Before he could reach the edge of the stage, she was beside him and managed to knock his feet out from under him so that he skidded to a stop before tumbling off onto either the first row of seats or the concrete in front of them.

That was good for the tech, but seemed to rouse the ire of whatever force had killed the lights and was fingerpainting on the curtains in glowing blood.

A light fell on the stage.

And then another.

Tam had to dodge the second one, and managed to pull James to safety before a third on crashed down on the spot where he’d been standing.

The shattered lights weren’t content to lay on the stage though. The wind which was roaring through the theater without any discernible physical presence was nonetheless able to send the broken shards of the lights swirling into the air.

The tech screamed louder as the hurricane of glass and steel whirled over them all, and Anna covered him with her body.

The intensity of the storm built higher until the darkness was split by a piercing light.

Standing at the center of the storm, Tam held her hands spread before her body, a ball of dazzling sunshine caught between her outstretched fingers.

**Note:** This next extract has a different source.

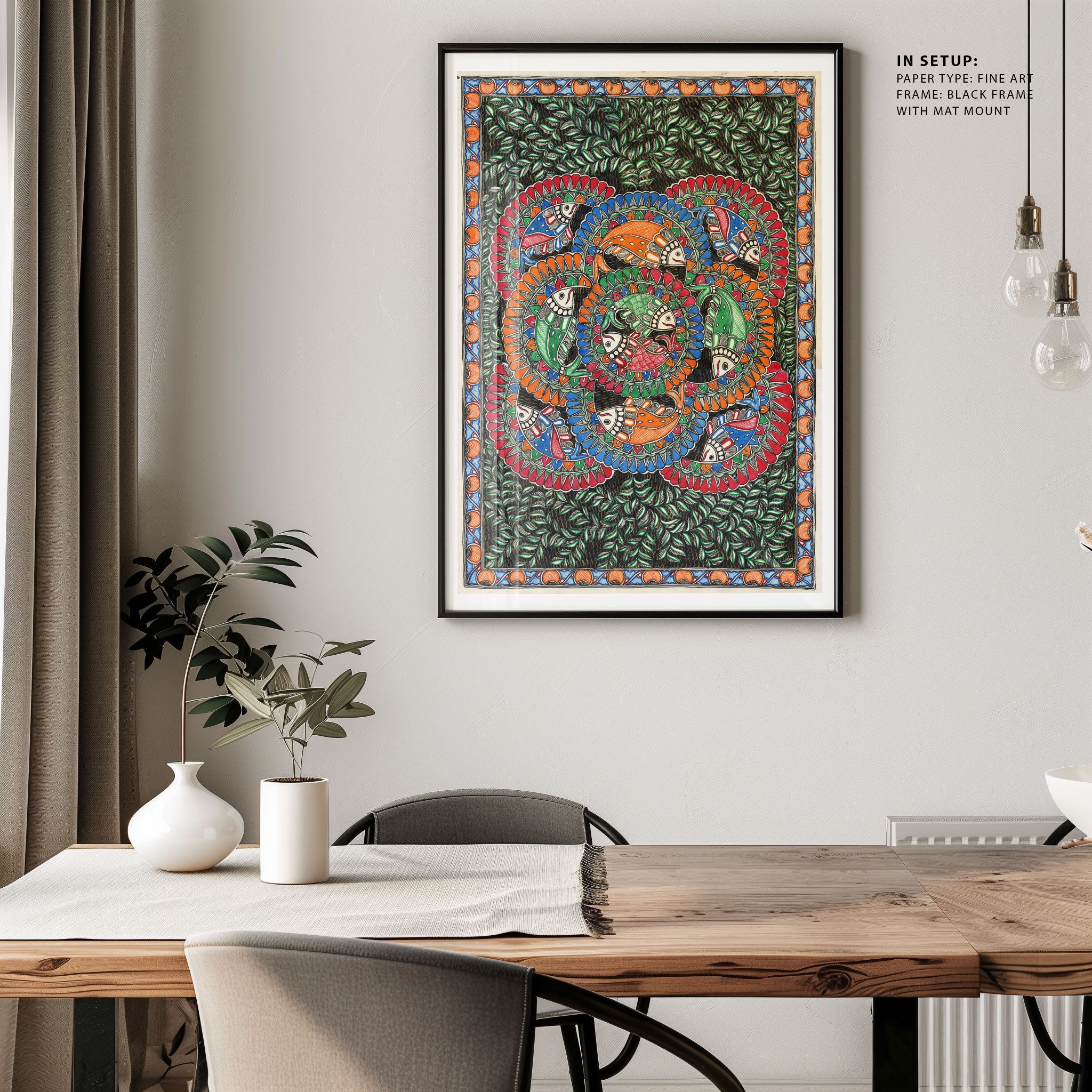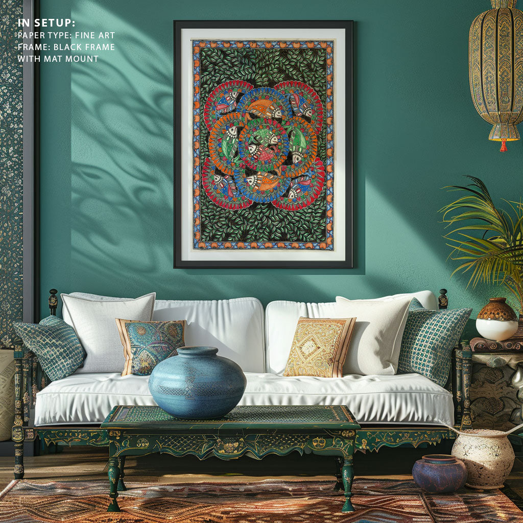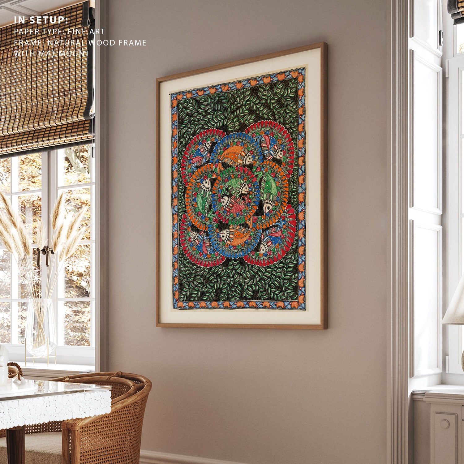 Circular Fishes Madhubani Art from the Madhubani Paintings Collection is produced on Premium Museum Grade Canvas and Hahnemuhle Fine Art Media. This beautiful Madhubani Painting Art Print product is made with a matte finish and premium quality with vibrant colors. These Madhubani Miniature Paintings Art Prints are produced with the most extreme shading precision and using the most advanced giclee printing technique in the world. We use the same standard that the various museums and art galleries use across the globe to recreate the Madhubani Miniature Paintings Art Prints. These Madhubani Paintings are perfect for you if you're a Madhubani or Indian Culture Lover or if you want to add a Traditional Look to your space. The vibrancy of colors and the unique detailing of every Madhubani Painting Art Print makes them the best in so many ways. This Madhubani Art Print will add charm to any room in your home. These Madhubani Painting Art Prints can be the perfect gift to your friends, colleagues, or family as they sync in very well in your Bedroom, living room, lobby, Balcony, Bathroom, etc.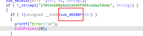 不过算法变成了MD5 - 如果 MD5(str+Destination) 结果为27019e688a4e62a649fd99cadaafdb4e,还要经过 sub_40100F函数对输入的字符串str进行判断

The storm of glass diminished under the glare of the light and with a final howl, the winds rushed out of the building, and the theater’s remaining lights flooded the room with illumination.

“Sometimes you need more than just special effects,” Tam said, calling the raw magic she held back into her palms.

“Yes, and I believe we have our next case,” Anna said, rising from where the tech had curled into an unconscious fetal ball.